Ambos abandonaron la piedra y se tendieron sobre el césped. Sus pupilas dejaron de percibir el paisaje otoñal que les rodeaba y se sumergieron en la contemplación del cielo cenizo, manchado a trechos por nubes plomizas.

—¡Qué nubes tan hermosas! —exclamó Hans, contemplándolas cómodamente.

—Sí, Giebenrath. ¡Quién pudiera ser una de ellas! —suspiró Heilner.

—¿Para qué?

—Para ser empujados por el viento sobre bosques, pueblos y montañas. Para deslizamos sobre el cielo como unos barcos sobre el agua. ¿Has visto un barco alguna vez?

—No. Heilner. ¿Y tú?

—Sí. Pero tú no comprendes esas cosas. Sólo sabes estudiar sin descanso, resolver matemáticas y analizar textos hebreos,

—¿Me tienes por un machetero?

—Yo no he dicho eso.

—No soy tanto como tú crees. Pero háblame de los barcos.

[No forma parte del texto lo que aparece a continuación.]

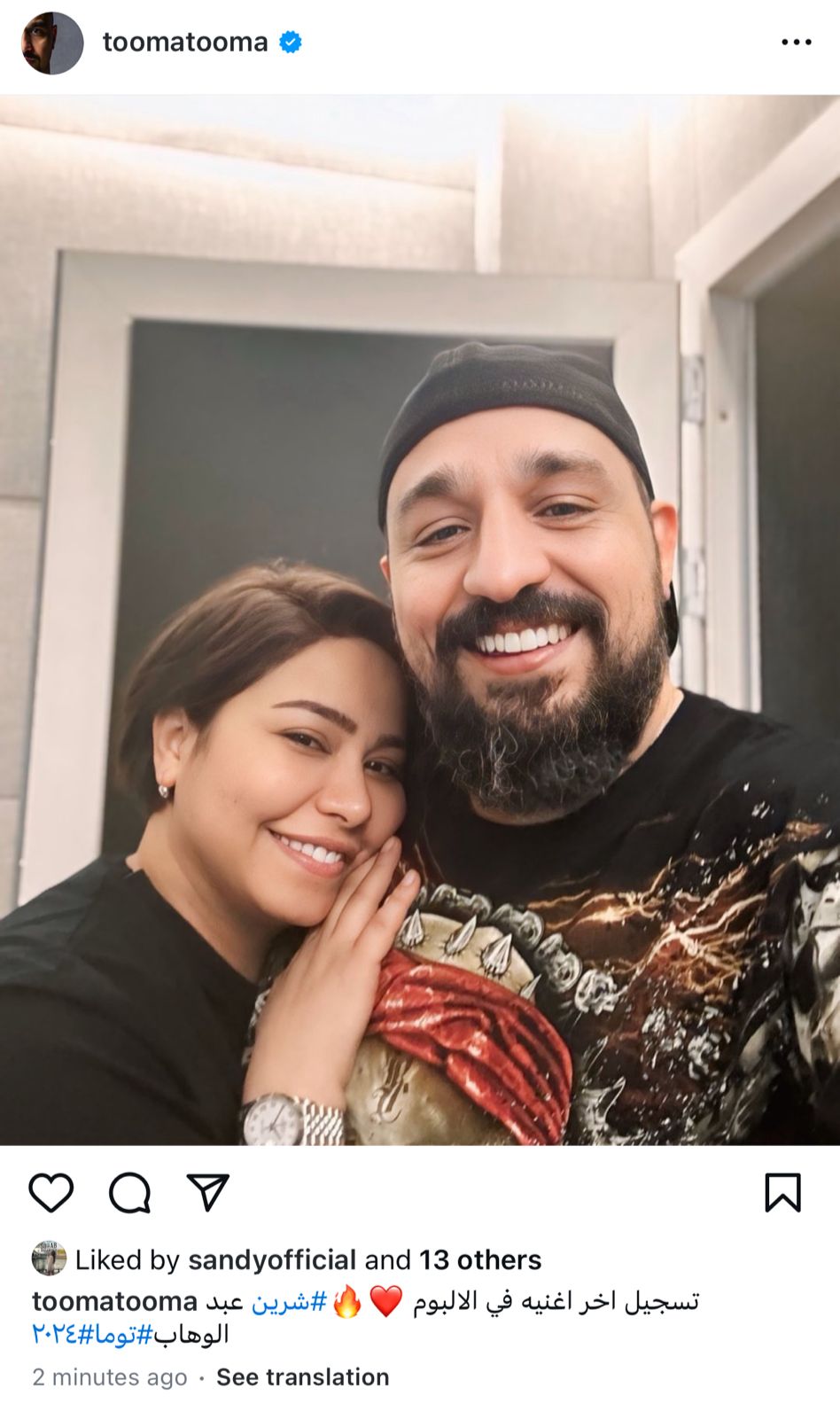 ونشر توما، صورة جمعته بـ شيرين عبد الوهاب، من الاستوديو، عبر حسابه الشخصي بموقع تبادل الصور والفيديوهات انستجرام، وكتب: تسجيل آخر أغنية في الألبوم.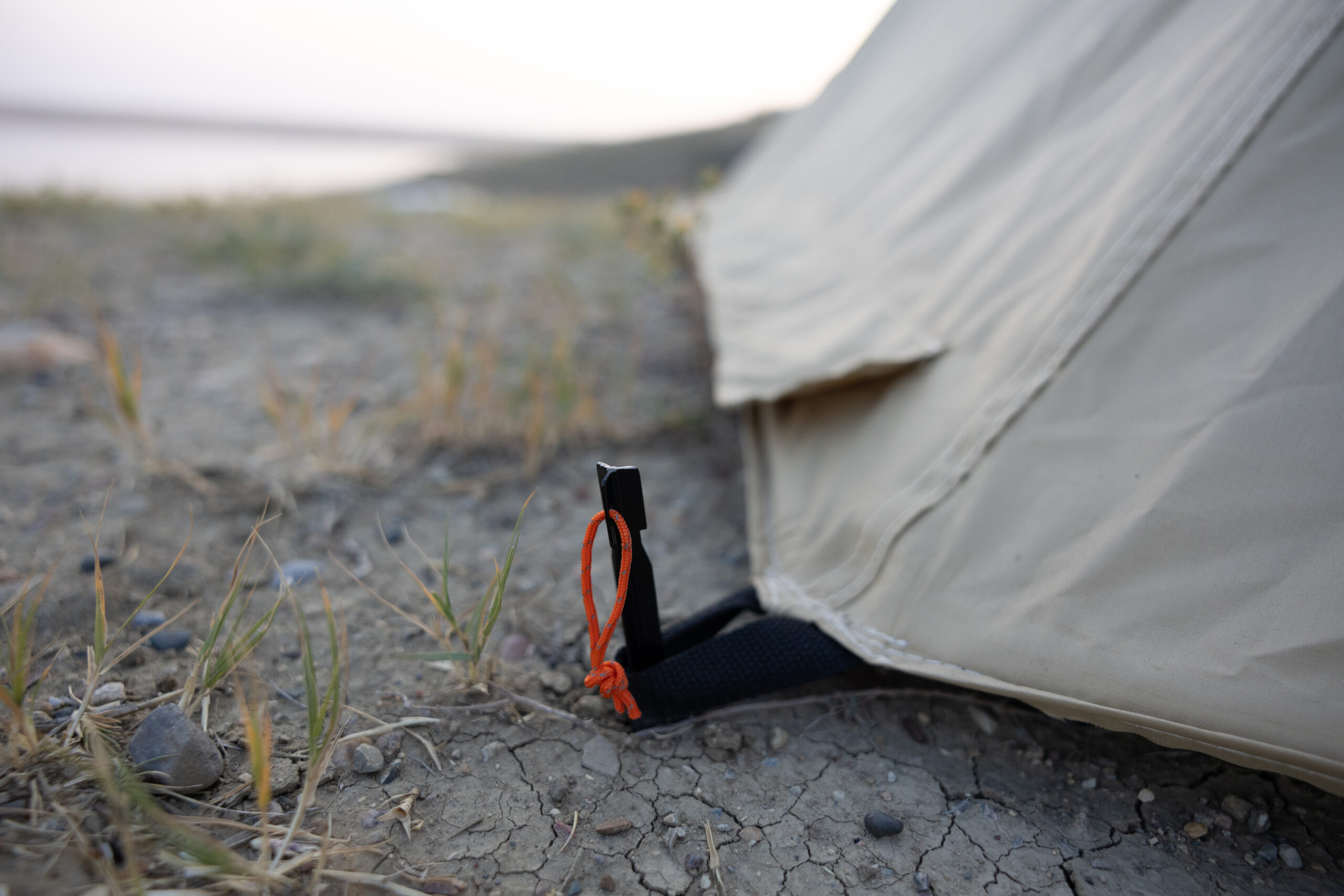 1/4″ reflective black guy lines with aluminum tension adjusters.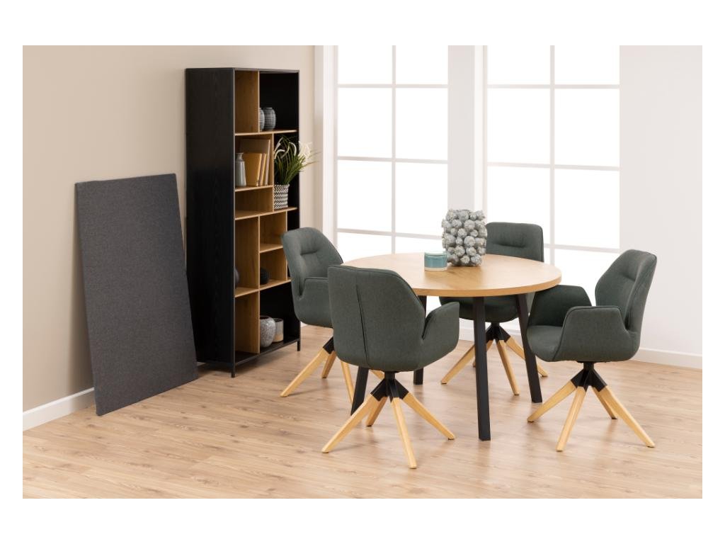 Jídelní křeslo Aura s područkami v látce Town tmavě šedá 33 přináší pohodlí a designovou vyváženost. Jeho sofistikovaná silueta s měkce čalouněným sedákem a opěradlem poskytuje vysoký komfort i při delším sezení. Podnož ze sytě mořeného, olejovaného dubového kaučukovníku přidává teplý kontrast a zároveň působí přírodně. Díky funkci automatického návratu se křeslo vždy otočí zpět do původní polohy – praktická volba do moderních jídelen či zasedacích prostor.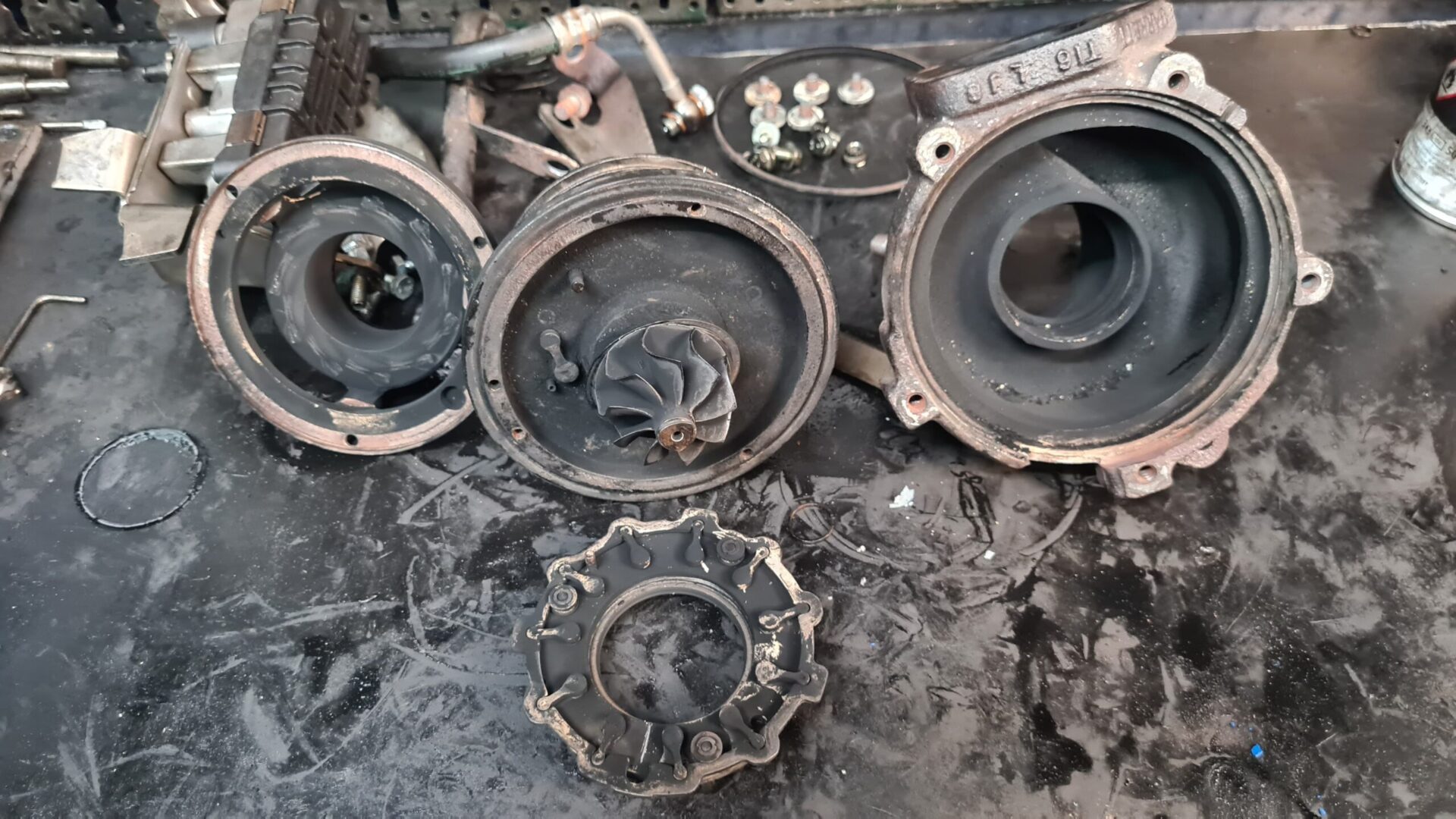 Ulterior, turbina a fost desfacuta. Depunerea de calamina este vizibila atat pe geometria variabila cat si pe componentele turbinei, datorita filtrului de particule infundat, dar si datorita uzurii corpului turbosuflantei.

Heilner dio una vuelta que estuvo a punto de hacerle caer en el agua. Quedó boca abajo, con la barbilla apoyada en ambas manos y los codos hincados en la hierba.

—Vi a esos barcos en el Rhin —dijo Heilner —, durante las vacaciones. Un domingo hubo música en ellos y por la noche encendieron luces de colores. Las luces se reflejaban en el agua, y los barcos se deslizaban río abajo, entre músicas y risas. Se bebía vino del Rhin, y los vestidos blancos de las muchachas flotaban al aire tibio de la noche.